Il a mentionné la volonté du secrétaire d’Etat américain John Kerry à “s’engager résolument” à rétablir le cessez-le feu. Dans le conflit actuel, plusieurs dizaines de missiles sont tombés sur Israël à partir de Gaza. Le Hamas a dévoilé des roquettes à plus longue portée que pour la première fois quand il avait frappé des cibles aussi lointaines que Jérusalem. Les interventions américaines intensive, en collaboration avec l’Egypte, ont pu mettre fin aux guerres avec Gaza en 2009 et en 2012.

L’influence égyptienne
Shlomo Brom, un ancien directeur de la planification stratégique de l’armée israélienne, a déclaré que les États-Unis n’avaient pas d’autre choix que de se retenir en l’absence de l’influence sur le Hamas. “Les Etats-Unis n’ont pas beaucoup de pouvoir parce qu’ils n’ont pas d’influence sur le Hamas” a déclaré Brom, maintenant à la tête du programme sur les relations israélo-palestiniennes à l’Institut d’Israël pour les études de sécurité nationale.

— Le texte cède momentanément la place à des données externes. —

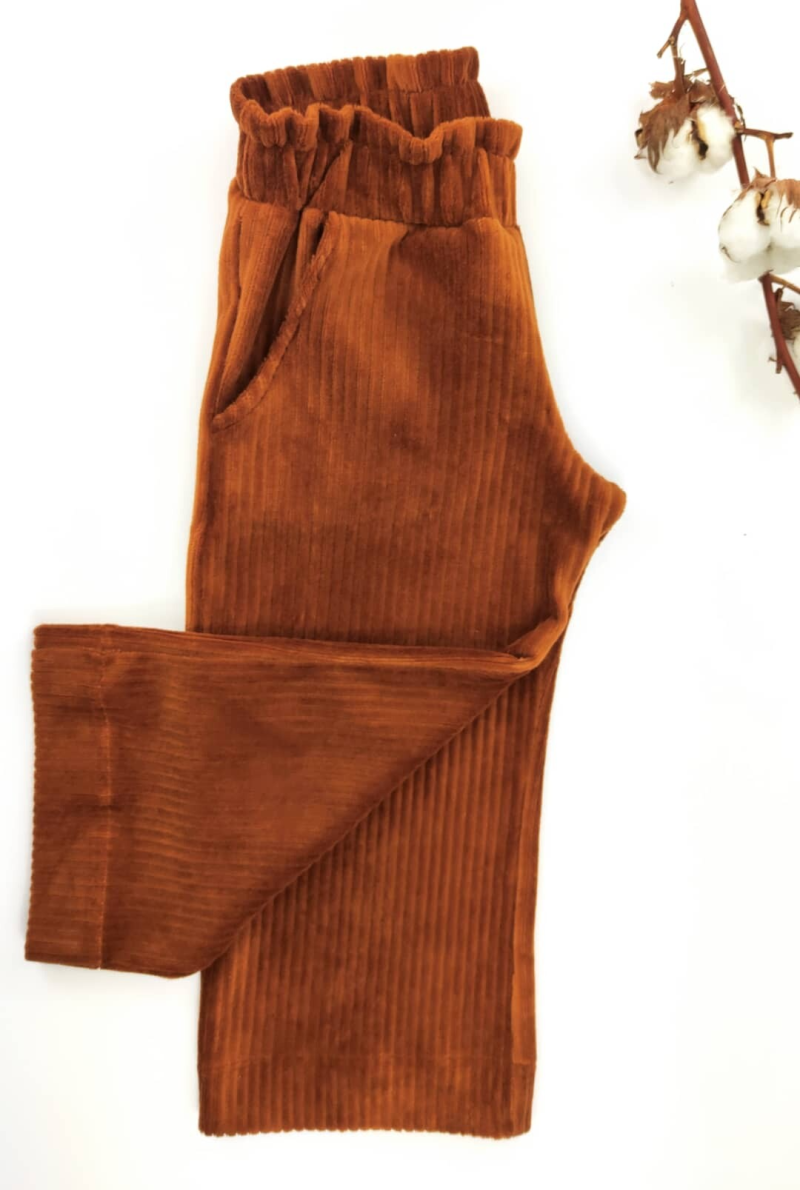 De broek heeft extra brede pijpen en bovenaan een "paperbag" effect. Voor de broek is elke stof met stretch geschikt. Je kan ook een katoen of viscose gebruiken.

Aaron David Miller, un ancien négociateur en chef des États-Unis au Moyen-Orient, a écrit que la retenue fait sens pour l’instant pour les États-Unis car intervenir et traiter avec le Hamas d’égal à égal casserait leur lien avec leur interlocuteur préféré, Mahmoud Abbas. “Il s’agit de la pire espèce de guerre”, a déclaré Ziad Asali, président de l’American Task Force sur la Palestine, “où rien n’est prévu ou conçu par le leadership mais où peu à peu la logique est entraînée par des forces passionnés.”Brom estime que des rivaux du Hamas, bien plus extrémistes que lui, l’ont acculé à l’escalade.

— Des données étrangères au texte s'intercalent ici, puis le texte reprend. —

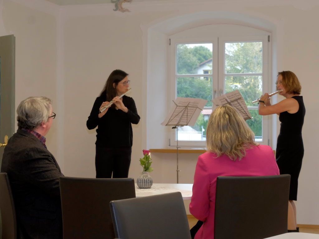 Wie es für eine „richtige“ Vernissage gehört, wurde die Feier musikalisch begleitet: von dem Flöten-Duo Sabine Wächter und Maria Goldhofer von der Stadtkapelle.

De son côté, le chef du gouvernement israélien Benyamin Netanhayu demande à l’armée de faire payer le prix fort au Hamas. Le cabinet a décidé d’une opération militaire modulaire, par étapes progressives. Des messages, indique-t-on, ont été transmis par l’intermédiaire de l’Egypte aux dirigeants du Hamas pour leur permettre de faire machine arrière. La question, bien sûr, est de savoir si l’armée israélienne a l’intention de lancer une offensive terrestre qui pourrait coûter cher en vies humaines. Selon un sondage, 47 % des israéliens s’y opposent.